“Welcome home”, said the wise P. That was the shortest, yet probably the most meaningful, way of greeting someone who has not slept in the same bed two nights in a row for several weeks – someone whose most tangible connection to life was WhatsApp and FaceTime. “I needed to hear this”, I said in response. They were going to take me away, to a little town on the seaside. My godmother firmly clasped my hand, interlacing her fingers with mine, like He would do when we were climbing down the stairs. She did not let it go for the next two hours, while we drove silently in thick darkness, pierced only by the frail light of an eclipsed moon.
I thought of the lyrics of “The Partisan” on the spur of the moment (I only knew the English version of the song made famous by Leonard Cohen):
When they poured across the border
I was cautioned to surrender
This I could not do
I took my gun and vanished.
I have changed my name so often
I've lost my wife and children
But I have many friends
And some of them are with me
An old woman gave us shelter
Kept us hidden in the garret
Then the soldiers came
She died without a whisper
There were three of us this morning
I'm the only one this evening
But I must go on
The frontiers are my prison
Les Allemands étaient chez moi
Ils me dirent, "résigne toi"
Mais je n'ai pas peur
J'ai repris mon âme
J'ai changé cent fois de nom
J'ai perdu femme et enfants
Mais j'ai tant d'amis
J'ai la France entière
Un vieil homme dans un grenier
Pour la nuit nous a caché
Les Allemands l'ont pris
Il est mort sans surprise
Oh, the wind, the wind is blowing
Through the graves the wind is blowing
Freedom soon will come
Then we'll come from the shadows
True, the conditions I found myself in were not as bad as that of a French resistance fighter during the Second World War. I had also lost a child, but I had many friends who could give me shelter. Frontiers were not my prison. To the contrary, the world out there was less foreign than the place I used to call home for seven years.
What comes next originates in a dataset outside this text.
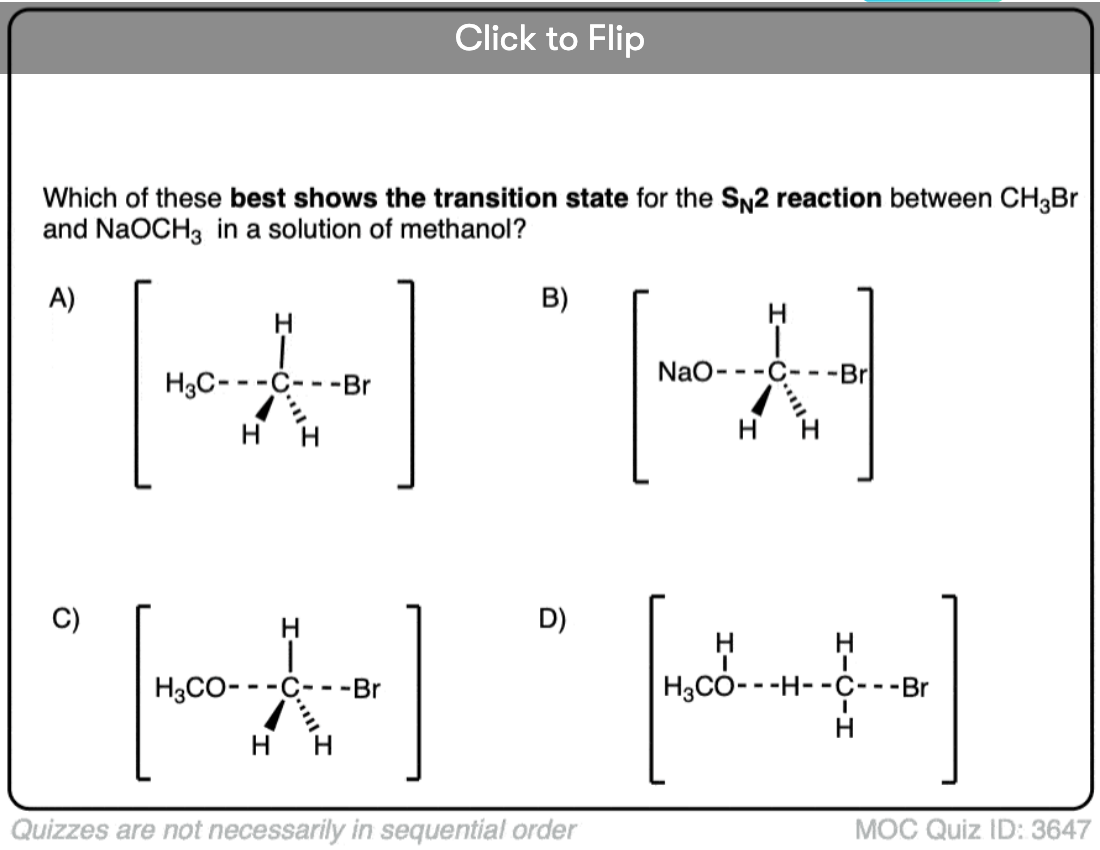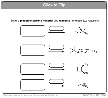 And in an analogy you’ll no doubt hear many times, then, like an umbrella in a strong wind, the three groups flip over as the leaving group leaves, resulting in inversion of configuration. Note that inversion happens at carbons without stereocenters too – it’s just that we can’t observe it because there’s no way to detect the change in configuration.

But the “garret” I was hiding in, the love that was poured out on me since I began this new journey could not fill the void I had within me. The bells of the little church that rang at every quarter past the hour, the sand that was burning my feet, even Sixto, the charming dog of the family, everything reminded me of “Him” (as He had played with Sixto a whole day when He was receiving treatment in Barcelona). I knew that I was going to travel and suffer alone from now on.
And just like the French resistance fighter, I had to go on. For “Him”. For my friends and companions. For the “resistance”.
To continue to resist is in itself an enormous challenge. Some nights, I only see morbid things when I close my eyes, often death itself. Those nights – most nights – I am scared to close my eyes. Other nights, I see nothing. The void inside morphs into a black velvet curtain, covering over the good moments I shared with Him. I try to remember his face, but I can’t. It was as if someone has deleted my memory. I know I had a past, but I don’t know who I am. And I don’t know what is the purpose of my life, why I am fighting. After all, to resist cannot be the sole purpose of life.
Or maybe it is too early to continue to resist, to struggle to find a new meaning for life. Perhaps I have to understand, I have to feel that I am still alive first. I fix my eyes on the text message that was sent by my other godmother: “Take your time. Don’t feel pressured about anything. Get in the sea, though. She will remind you about yourself! Float about and feel how good the water is.”
I obey. I get in the sea. I fill my lungs with her unique briny smell. I let her take me into her arms. While floating about, I look at the beach, the white houses and the little church that rise below the green hills.
“He would have loved these church bells”, I say to myself. “And he would have hated the bells of the church where he embarked on his last journey”. Was it possible to live constantly thinking about what he would have loved or hated? Could this be the freedom that the French fighter talked about?
It is indeed too early to answer these questions, or to enjoy freedom – a freedom that was thrust upon me, and not on my own volition. I cannot come from the shadows yet, for the shadows are my prison.